[Data extracts]
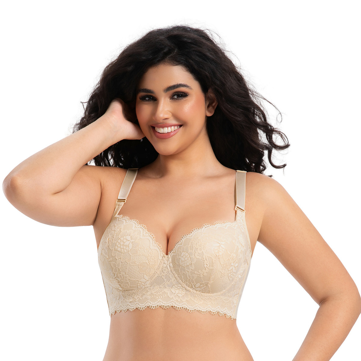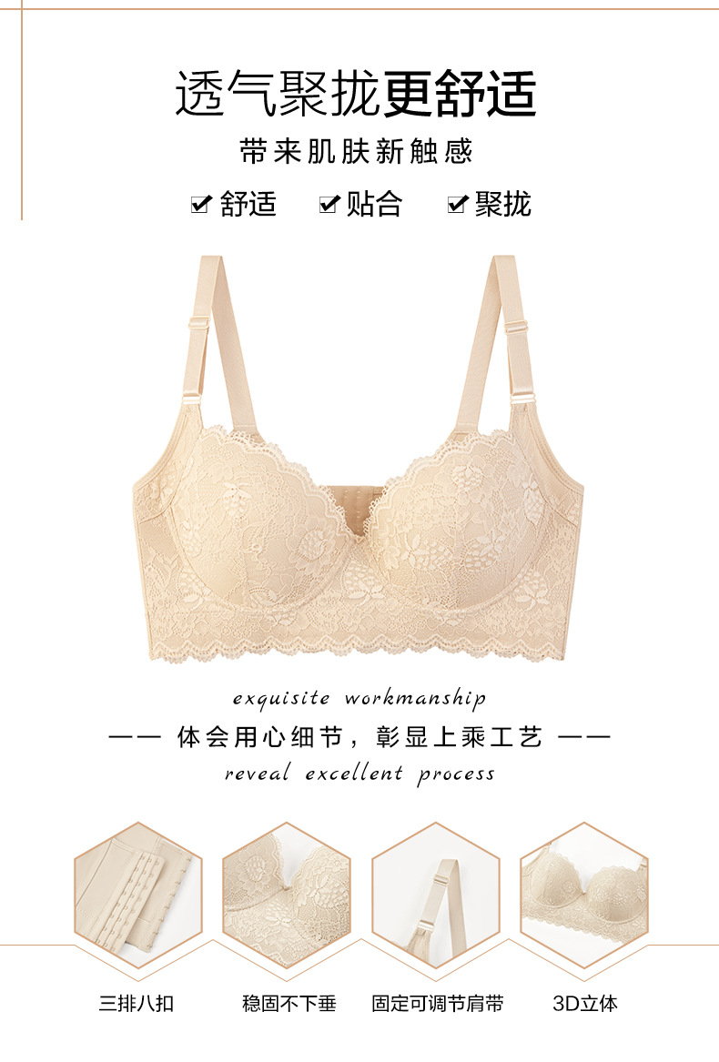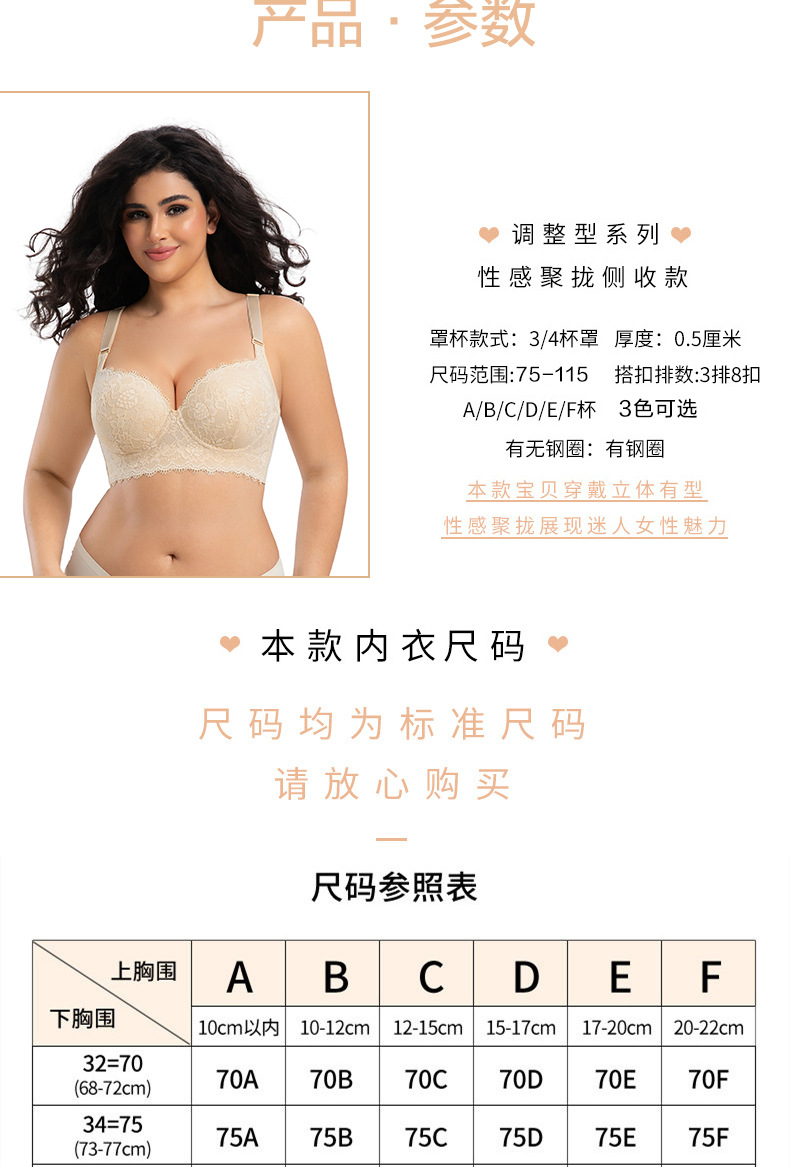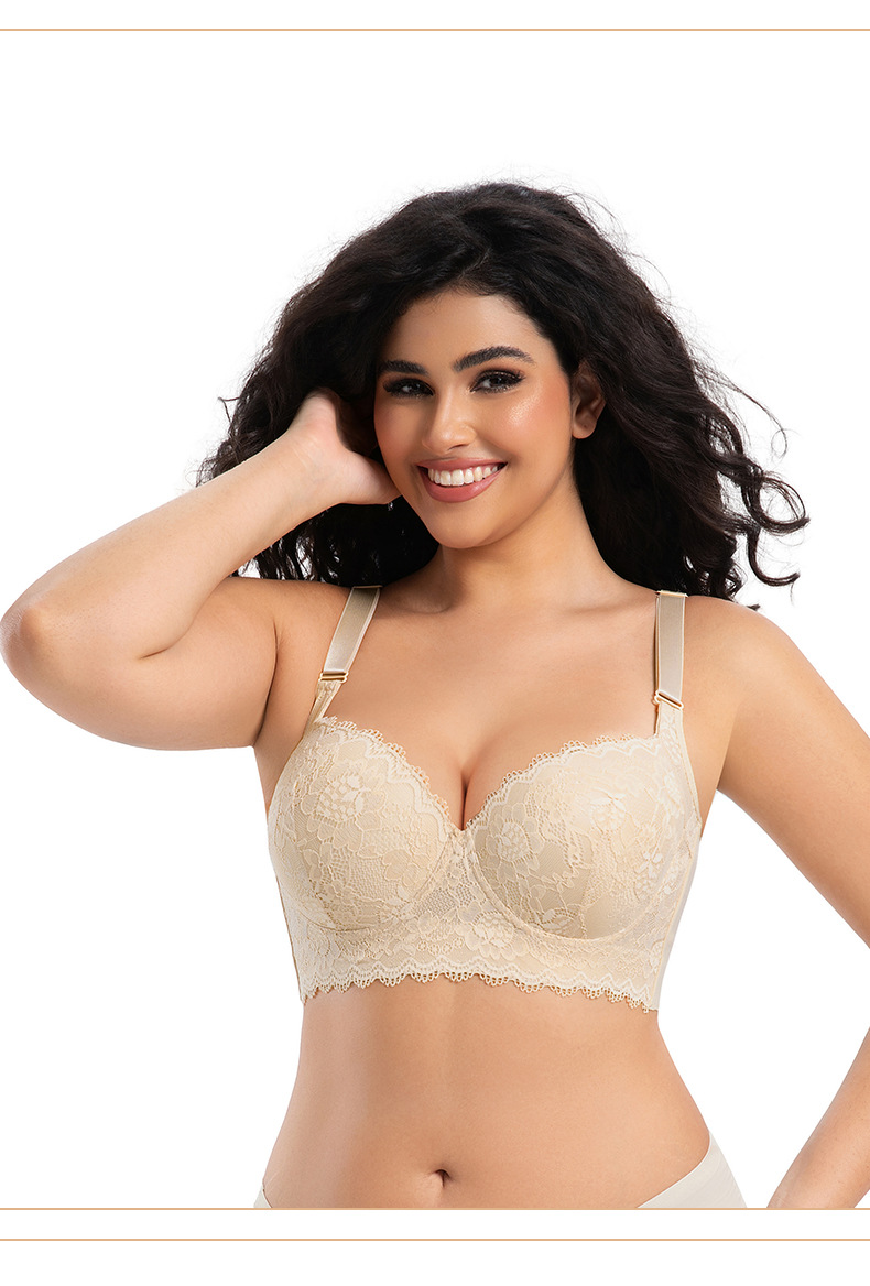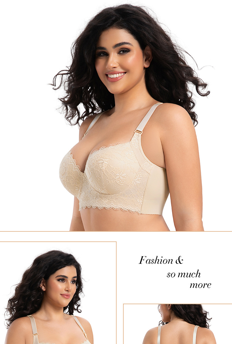 크로스보더 플러스 사이즈 레이스 섹시 속옷 얇은 메모리 와이어 푸시업 유방 축소 처짐 방지 브라 딥 V 브라스토어 가기
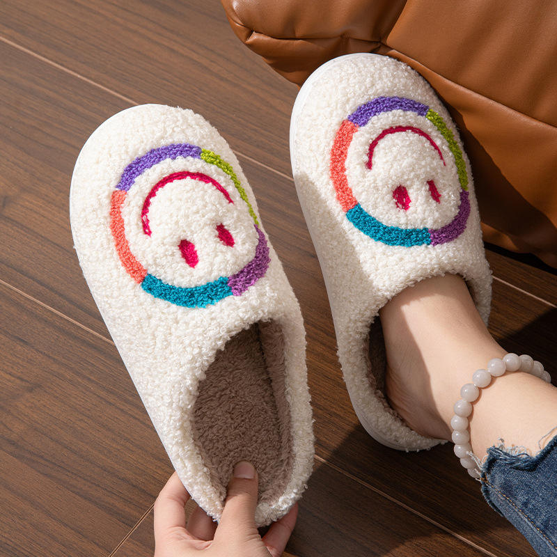 2024 Custom Printed Halloween Happy Smile Face Slippers Indoor Home Fuzzy Soft Plush Slippers for Women
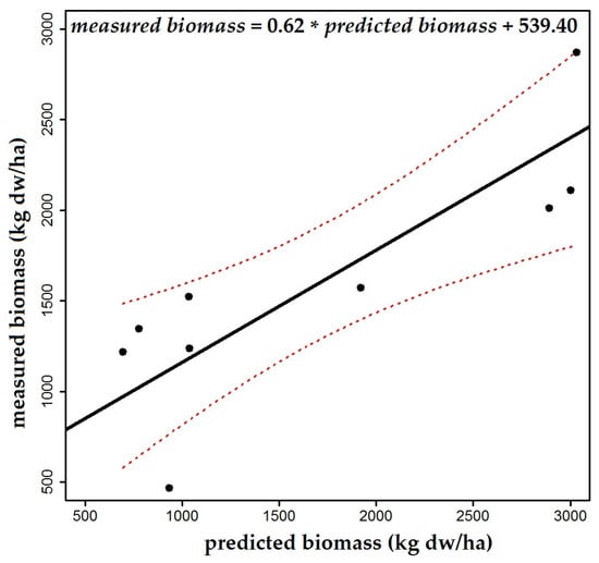 Variability in species composition did not significantly influence the relationship between measured and predicted biomass production. Results of the multiple regression model including LSP-Maximum-NDVI and the proportion of B. maritimus showed that the latter did not significantly influence biomass yield (Adj. R2 = 0.61 in contrast to R2 = 0.70; significance of proportion of B. maritimus t-test = −0.39, p-value = 0.71).
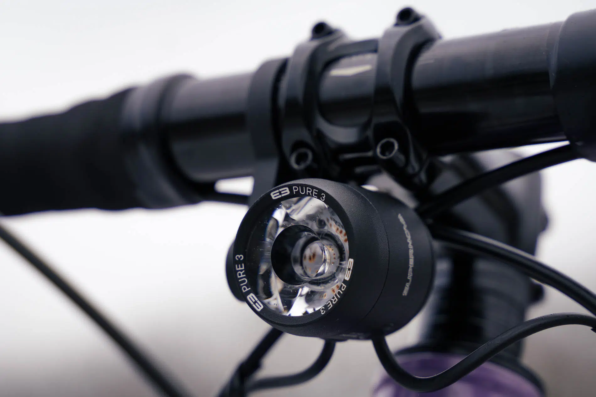 This bike also had discreet lighting. Hidden under the handlebars at the front is a Supernova front light powered by a SON hub dynamo. This also powers the Lightskin seatpost with its discreet LEDs, which ensure visibility to the rear. Really a discreet lighting solution!
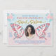 Estes convites de festas de aniversários 16 doces lindamente únicos transformam sua filha em uma linda borboleta. O design bonito tem um olhar de conto de fadas antigo em tons brancos de rosa, azul e ouro. A foto da sua filha preenche o centro das asas da borboleta. O design é feito em aquarela com detalhes falsos (impressos) de brilho e ornamentos florais. A tipografia "Doce Dezesseis" tem um aspecto brilhante em ouro. Use as modelos fáceis para adicionar todos os detalhes da sua festa. DICA: Se precisar adicionar mais informações, você também pode personalizar / personalizar ainda mais para editar a parte de trás. Todas as fontes e tamanhos de texto também podem ser ajustados.
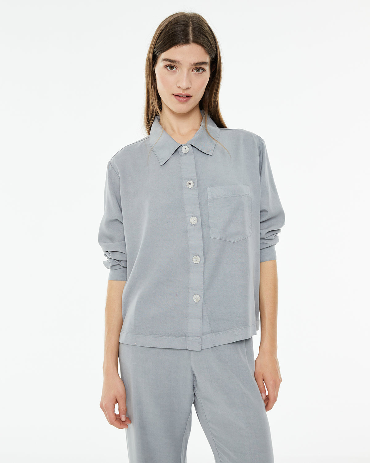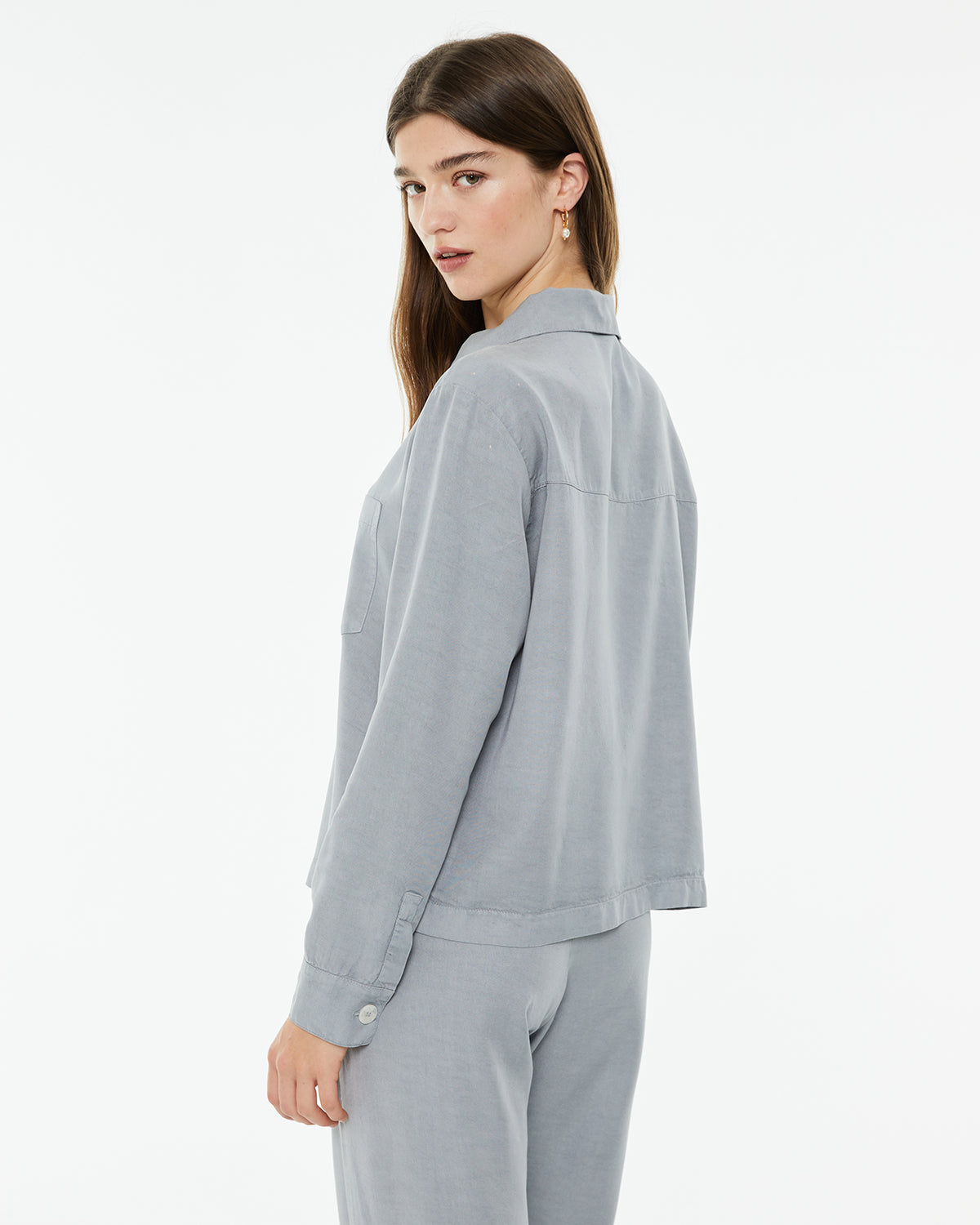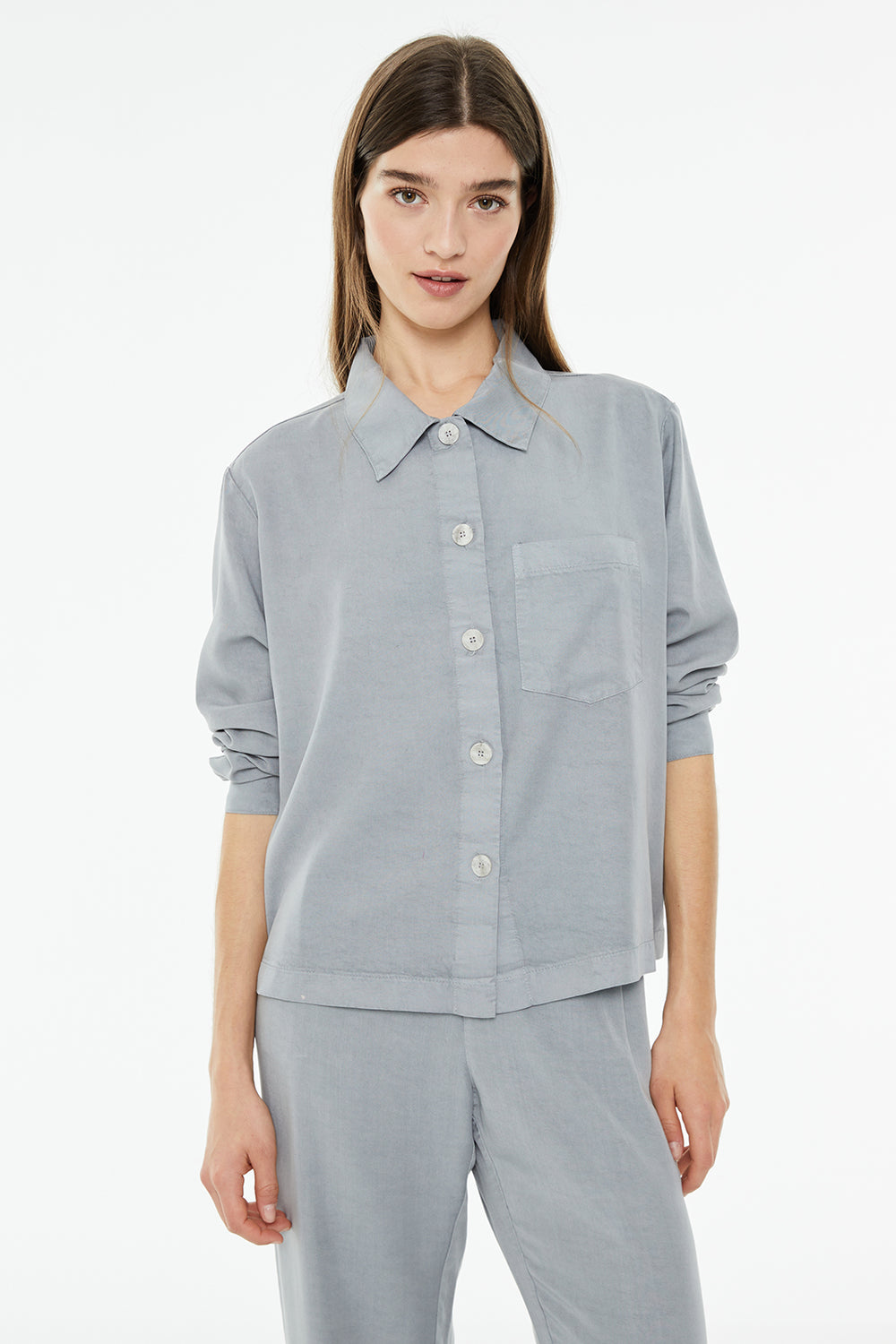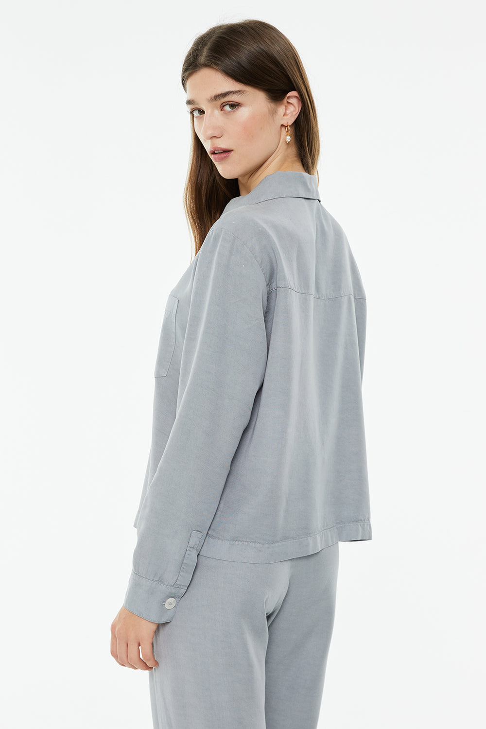 Chaqueta fluida con cuello camisero y bolsillo delantero
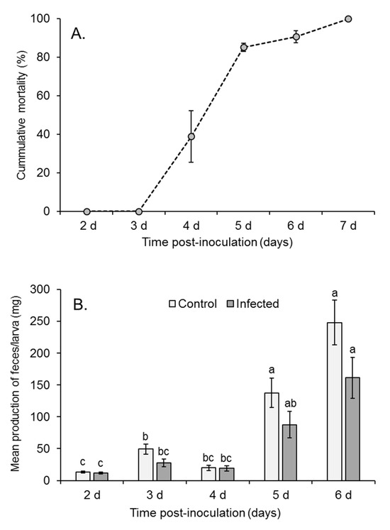 (A) Mean (±SE) cumulative mortality of fourth instars of Spodoptera frugiperda at 2–7 days post-inoculation. (B) Mean (±SE) fresh weight of feces collected from control and infected larvae at 2–6 days post-inoculation. Samples were not collected on the day of death of larvae to avoid contamination from OBs released from insect cadavers. Columns headed by identical letters did not differ significantly (repeated measures ANOVA, Tukey p > 0.05).
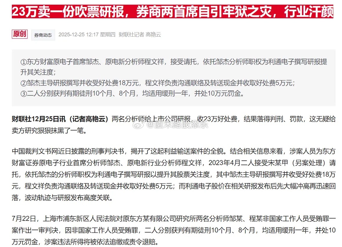 某券商两位首席分析师收23万元好处费,为上市公司写“吹票”研报抬升股价,最终被判刑罚款,属于典型的利益输送案例。这类违规研报败坏了券商研报的信誉,也是很多人不信任个股推荐研报的关键原因。分析师本职应是客观研判公司价值,带利益的研报会彻底丧失专业性。这里提醒股民:不管是券商研报还是各类市场荐股、吹票消息,都不能轻信,要提升自身辨别能力,避免被收割~!
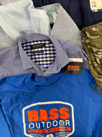 Men's Clothing Assorted Wholesale Lot, LAUREN RALPH LAUREN, BANANA REPUBLIC, TOMMY BAHAMA, BASS OUTDOOR, CLUBROOM and more 15 items, Shelf Pulls, MSRP $1,837
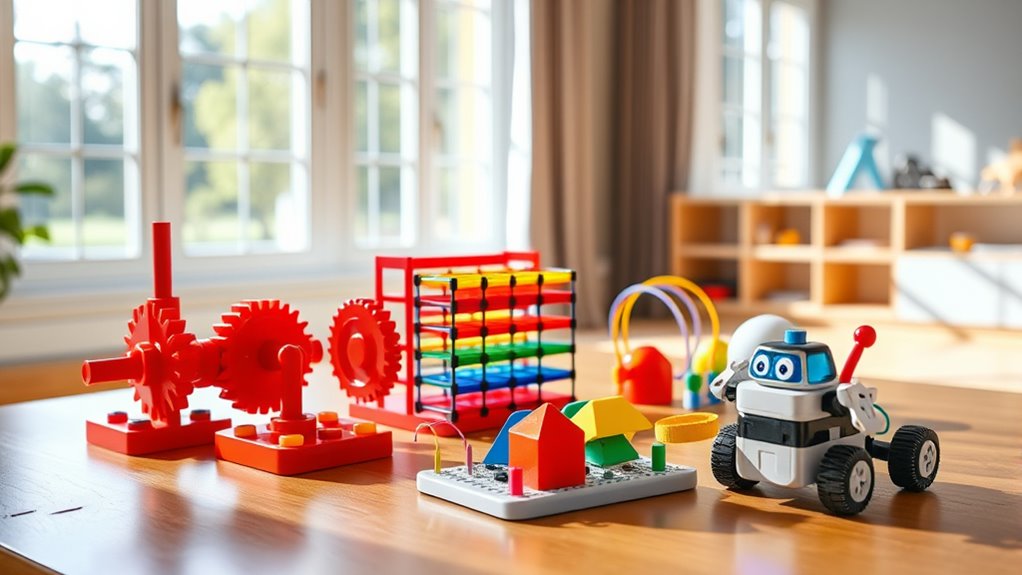 How do you choose the right STEM toys that truly support your toddler’s development? First, look for toys that enhance fine motor skills through activities like stacking, fitting, or twisting. These help improve coordination and hand strength. Next, consider toys that introduce early engineering concepts, such as building or assembling, fostering curiosity about how things work. It’s also important to select toys that challenge problem-solving and critical thinking with open-ended or guided tasks, which promote cognitive growth. Additionally, opt for toys that develop spatial reasoning by involving shapes, patterns, or visual organization. Above all, choose age-appropriate options to guarantee your child isn’t overwhelmed while still supporting their learning journey. The right focus helps build foundational skills with confidence and joy.
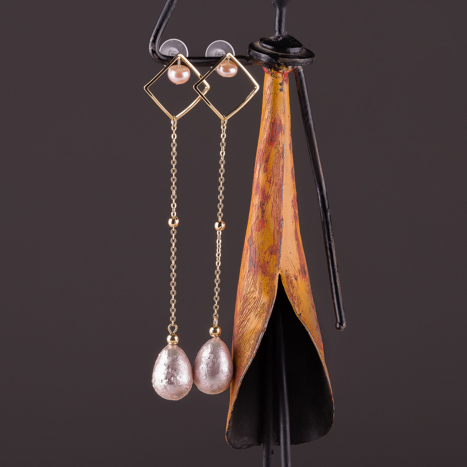 Shopika Cercei aurii lungi cu lant si perla naturala
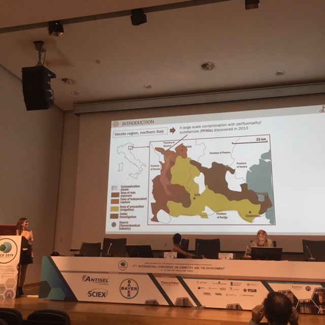 Two, in particular, the proposed contributions: a poster entitled "A novel holistic approach to the governance of environmental pollution events from PMOC", aimed at illustrating the generic objectives and operational actions of the project, and a conference speech titled "Uptake and translocation of perfluoroalkyl acids (PFAAs) in red chicory grown under varying contamination conditions: a greenhouse study", which highlighted the first results of the tests of perfluoro-alkyl substances in red chicory plants grown in greenhouses under controlled conditions.

[Directions] With the pictures omitted, set down each line exactly, starting at the first line of the records above and ending with the line that contains "Chaqueta fluida con".

[Solution below]
 크로스보더 플러스 사이즈 레이스 섹시 속옷 얇은 메모리 와이어 푸시업 유방 축소 처짐 방지 브라 딥 V 브라스토어 가기
 2024 Custom Printed Halloween Happy Smile Face Slippers Indoor Home Fuzzy Soft Plush Slippers for Women
 Variability in species composition did not significantly influence the relationship between measured and predicted biomass production. Results of the multiple regression model including LSP-Maximum-NDVI and the proportion of B. maritimus showed that the latter did not significantly influence biomass yield (Adj. R2 = 0.61 in contrast to R2 = 0.70; significance of proportion of B. maritimus t-test = −0.39, p-value = 0.71).
 This bike also had discreet lighting. Hidden under the handlebars at the front is a Supernova front light powered by a SON hub dynamo. This also powers the Lightskin seatpost with its discreet LEDs, which ensure visibility to the rear. Really a discreet lighting solution!
 Estes convites de festas de aniversários 16 doces lindamente únicos transformam sua filha em uma linda borboleta. O design bonito tem um olhar de conto de fadas antigo em tons brancos de rosa, azul e ouro. A foto da sua filha preenche o centro das asas da borboleta. O design é feito em aquarela com detalhes falsos (impressos) de brilho e ornamentos florais. A tipografia "Doce Dezesseis" tem um aspecto brilhante em ouro. Use as modelos fáceis para adicionar todos os detalhes da sua festa. DICA: Se precisar adicionar mais informações, você também pode personalizar / personalizar ainda mais para editar a parte de trás. Todas as fontes e tamanhos de texto também podem ser ajustados.
 Chaqueta fluida con cuello camisero y bolsillo delantero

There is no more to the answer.